Task details: Repeat the lines below exactly as written, please, from the line with "An interesting example" to the line with "67389 Muffler Kit", both lines included, and no others.

Input for this task:
▽

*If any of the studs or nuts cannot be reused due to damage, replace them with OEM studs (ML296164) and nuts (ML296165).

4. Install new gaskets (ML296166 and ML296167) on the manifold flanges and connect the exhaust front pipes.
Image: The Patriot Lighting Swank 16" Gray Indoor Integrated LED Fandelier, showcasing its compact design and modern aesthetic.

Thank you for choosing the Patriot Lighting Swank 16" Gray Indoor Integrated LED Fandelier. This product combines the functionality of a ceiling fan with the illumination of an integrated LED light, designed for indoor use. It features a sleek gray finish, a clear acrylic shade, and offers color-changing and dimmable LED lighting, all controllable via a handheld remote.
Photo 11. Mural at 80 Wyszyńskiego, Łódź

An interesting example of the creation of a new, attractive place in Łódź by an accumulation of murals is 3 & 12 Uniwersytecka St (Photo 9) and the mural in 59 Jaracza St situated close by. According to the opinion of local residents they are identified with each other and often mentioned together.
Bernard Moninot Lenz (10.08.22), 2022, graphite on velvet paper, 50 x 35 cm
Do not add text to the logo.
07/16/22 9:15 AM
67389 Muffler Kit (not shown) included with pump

△
▽

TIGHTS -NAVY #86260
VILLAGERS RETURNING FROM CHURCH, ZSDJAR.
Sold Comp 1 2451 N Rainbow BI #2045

△
▽

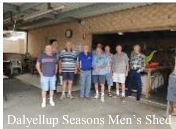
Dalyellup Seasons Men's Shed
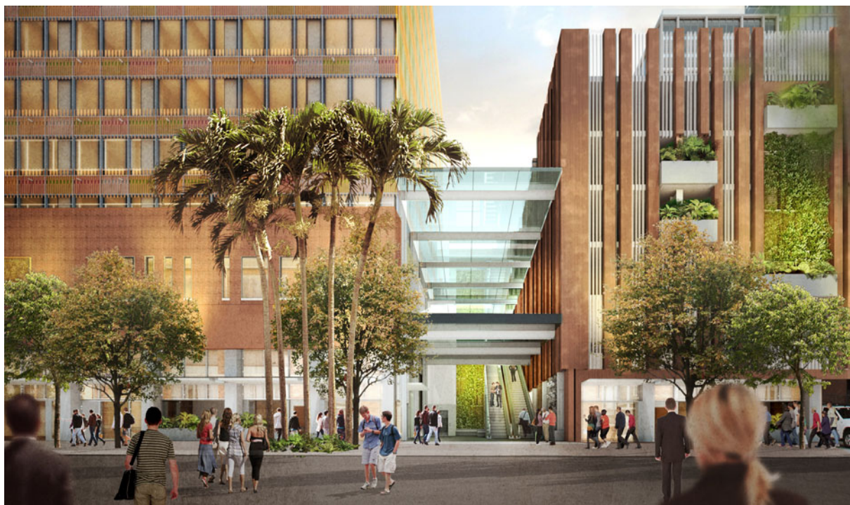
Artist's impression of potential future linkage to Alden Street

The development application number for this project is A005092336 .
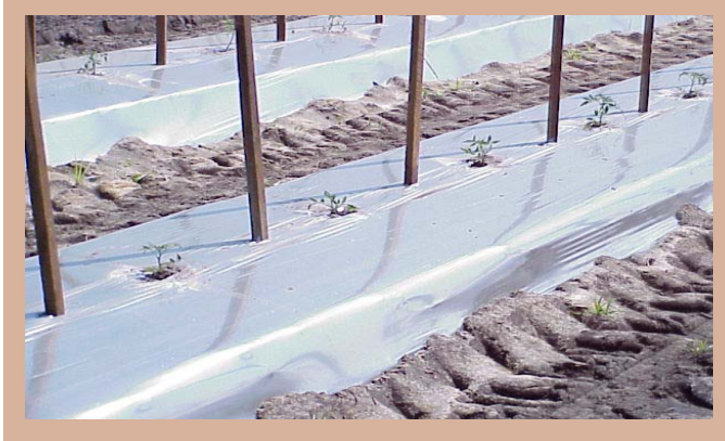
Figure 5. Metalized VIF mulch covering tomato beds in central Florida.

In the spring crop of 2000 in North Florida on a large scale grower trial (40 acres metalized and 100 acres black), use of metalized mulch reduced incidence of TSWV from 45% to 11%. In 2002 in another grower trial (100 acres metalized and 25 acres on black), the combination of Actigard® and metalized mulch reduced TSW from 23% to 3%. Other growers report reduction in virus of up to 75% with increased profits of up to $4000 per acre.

△

Response to the exercise:
An interesting example of the creation of a new, attractive place in Łódź by an accumulation of murals is 3 & 12 Uniwersytecka St (Photo 9) and the mural in 59 Jaracza St situated close by. According to the opinion of local residents they are identified with each other and often mentioned together.
Bernard Moninot Lenz (10.08.22), 2022, graphite on velvet paper, 50 x 35 cm
Do not add text to the logo.
07/16/22 9:15 AM
67389 Muffler Kit (not shown) included with pump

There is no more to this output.